::: Task inputs :::

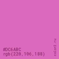 Цвет #DC6ABC в цветовой модели RGB обозначается тремя октетами (220, 106, 188) в десятичном формате и #DC6ABC в шестнадцатиричном (hex) формате, которые являются интенсивностью красного 220 (hex DC), интенсивность зелёного 106 (hex 6A) и интенсивность синего 188 (hex BC).
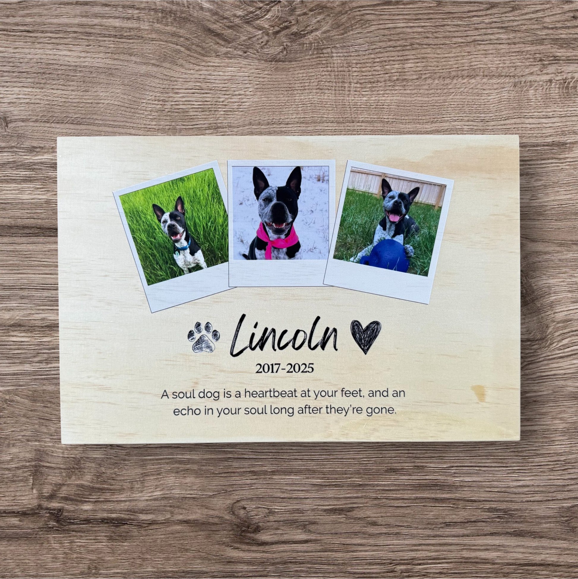 This memorial box is a meaningful way to honor the love, loyalty, and joy your pet brought into your life. Custom-created with care, it becomes a lasting tribute to your faithful companion.
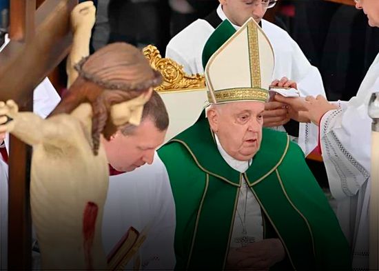 No obstante, esta mañana llegó a la plaza, tras las intensas lluvias de la víspera, e inauguró la misa leyendo su introducción y el acto penitencial, sentado en un sillón junto al altar, dado que la eucaristía será celebrada por el cardenal Robert Francis Prevost.
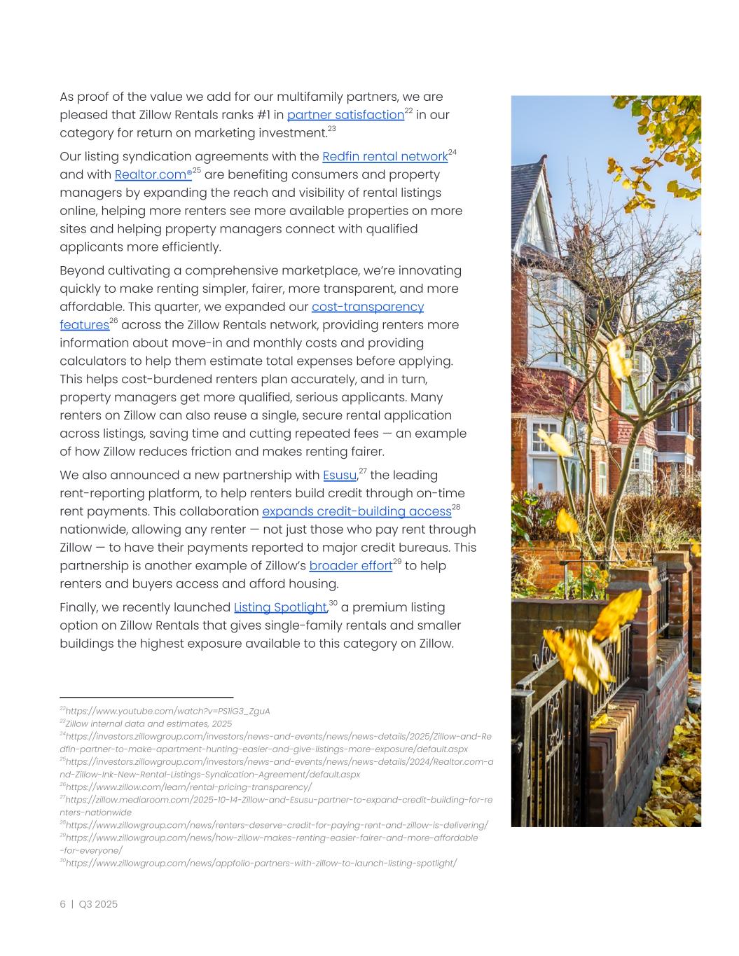 As proof of the value we add for our multifamily partners, we are pleased that Zillow Rentals ranks #1 in partner satisfaction22 in our category for return on marketing investment.23 Our listing syndication agreements with the Redfin rental network24 and with Realtor.com®25 are benefiting consumers and property managers by expanding the reach and visibility of rental listings online, helping more renters see more available properties on more sites and helping property managers connect with qualified applicants more efficiently. Beyond cultivating a comprehensive marketplace, we’re innovating quickly to make renting simpler, fairer, more transparent, and more affordable. This quarter, we expanded our cost-transparency features26 across the Zillow Rentals network, providing renters more information about move-in and monthly costs and providing calculators to help them estimate total expenses before applying. This helps cost-burdened renters plan accurately, and in turn, property managers get more qualified, serious applicants. Many renters on Zillow can also reuse a single, secure rental application across listings, saving time and cutting repeated fees — an example of how Zillow reduces friction and makes renting fairer. We also announced a new partnership with Esusu,27 the leading rent-reporting platform, to help renters build credit through on-time rent payments. This collaboration expands credit-building access28 nationwide, allowing any renter — not just those who pay rent through Zillow — to have their payments reported to major credit bureaus. This partnership is another example of Zillow’s broader effort29 to help renters and buyers access and afford housing. Finally, we recently launched Listing Spotlight,30 a premium listing option on Zillow Rentals that gives single-family rentals and smaller buildings the highest exposure available to this category on Zillow. 30https://www.zillowgroup.com/news/appfolio-partners-with-zillow-to-launch-listing-spotlight/ 29https://www.zillowgroup.com/news/how-zillow-makes-renting-easier-fairer-and-more-affordable -for-everyone/ 28https://www.zillowgroup.com/news/renters-deserve-credit-for-paying-rent-and-zillow-is-delivering/ 27https://zillow.mediaroom.com/2025-10-14-Zillow-and-Esusu-partner-to-expand-credit-building-for-re nters-nationwide 26https://www.zillow.com/learn/rental-pricing-transparency/ 25https://investors.zillowgroup.com/investors/news-and-events/news/news-details/2024/Realtor.com-a nd-Zillow-Ink-New-Rental-Listings-Syndication-Agreement/default.aspx 24https://investors.zillowgroup.com/investors/news-and-events/news/news-details/2025/Zillow-and-Re dfin-partner-to-make-apartment-hunting-easier-and-give-listings-more-exposure/default.aspx 23Zillow internal data and estimates, 2025 22https://www.youtube.com/watch?v=PS1iG3_ZguA 6 | Q3 2025
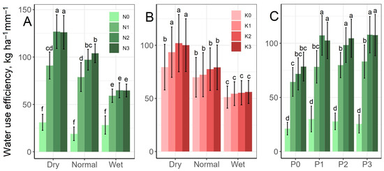 Effect of the rainfall–N (A), rainfall–K (B) and N–P (C) interactions on water use efficiency mean values. The columns represent the means and the error bars the standard deviation. The letters indicate significant differences between the means (Tukey’s HSD, p < 0.05).
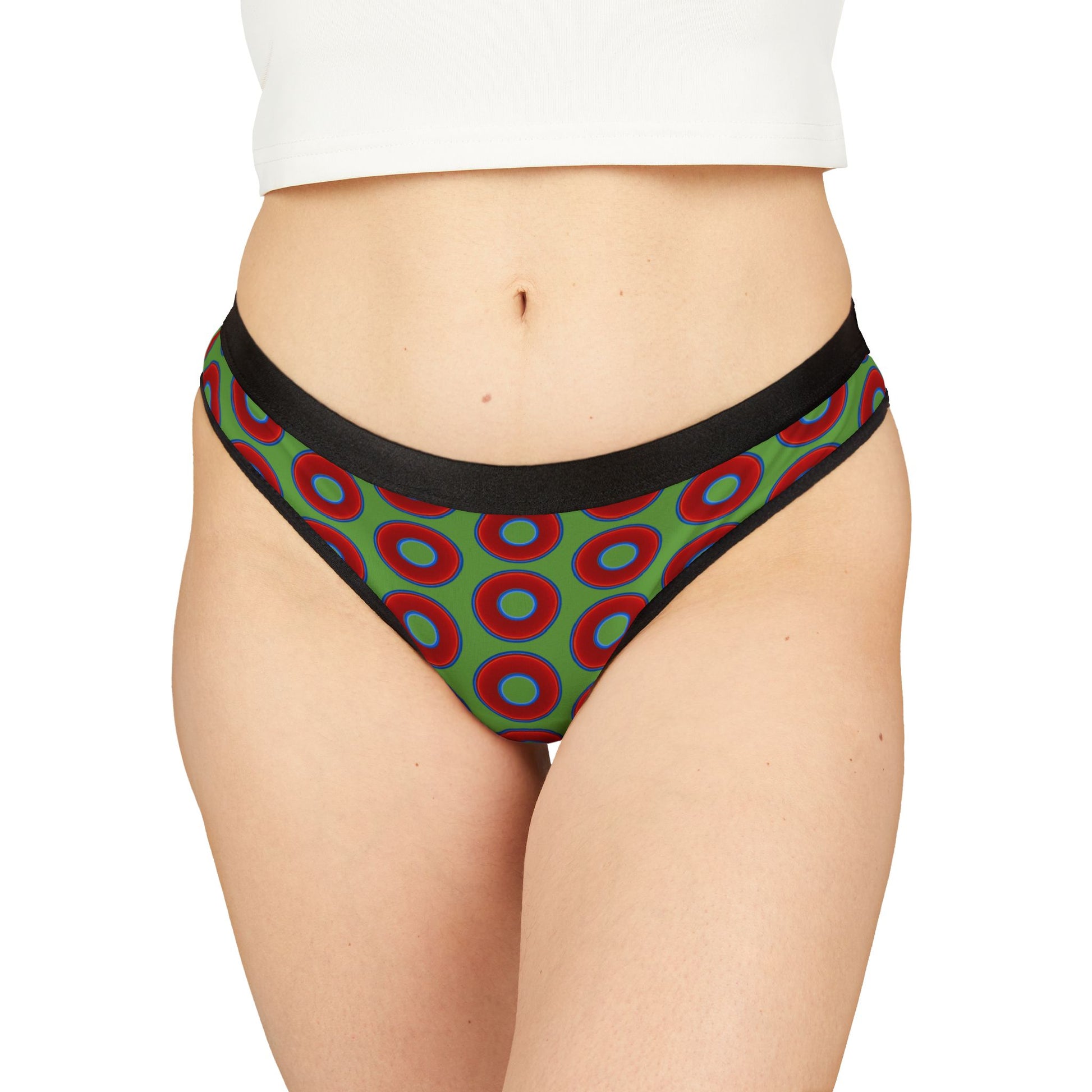 Lumpy Donut Thongs - red vivid donut print w/light green background
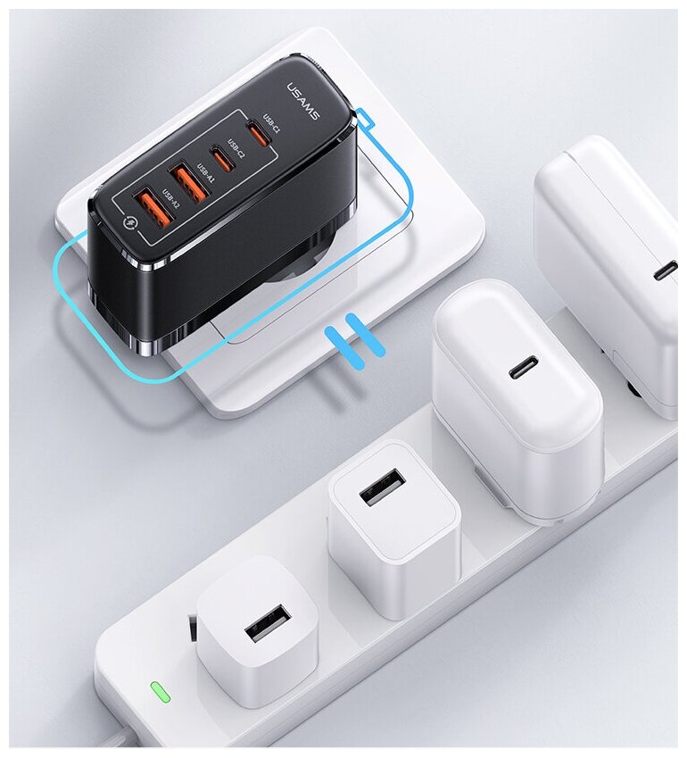 Сетевое зарядное устройство USAMS 100W 2 USB-C + 2 USB-A GaN Fast Charger для ноутбука / планшета / смартфона

:::

**Work request:** Please take the lines from the beginning of the data above through the line holding "This memorial box" and transcribe them exactly, without any pictures.

**Written solution:**
 Цвет #DC6ABC в цветовой модели RGB обозначается тремя октетами (220, 106, 188) в десятичном формате и #DC6ABC в шестнадцатиричном (hex) формате, которые являются интенсивностью красного 220 (hex DC), интенсивность зелёного 106 (hex 6A) и интенсивность синего 188 (hex BC).
 This memorial box is a meaningful way to honor the love, loyalty, and joy your pet brought into your life. Custom-created with care, it becomes a lasting tribute to your faithful companion.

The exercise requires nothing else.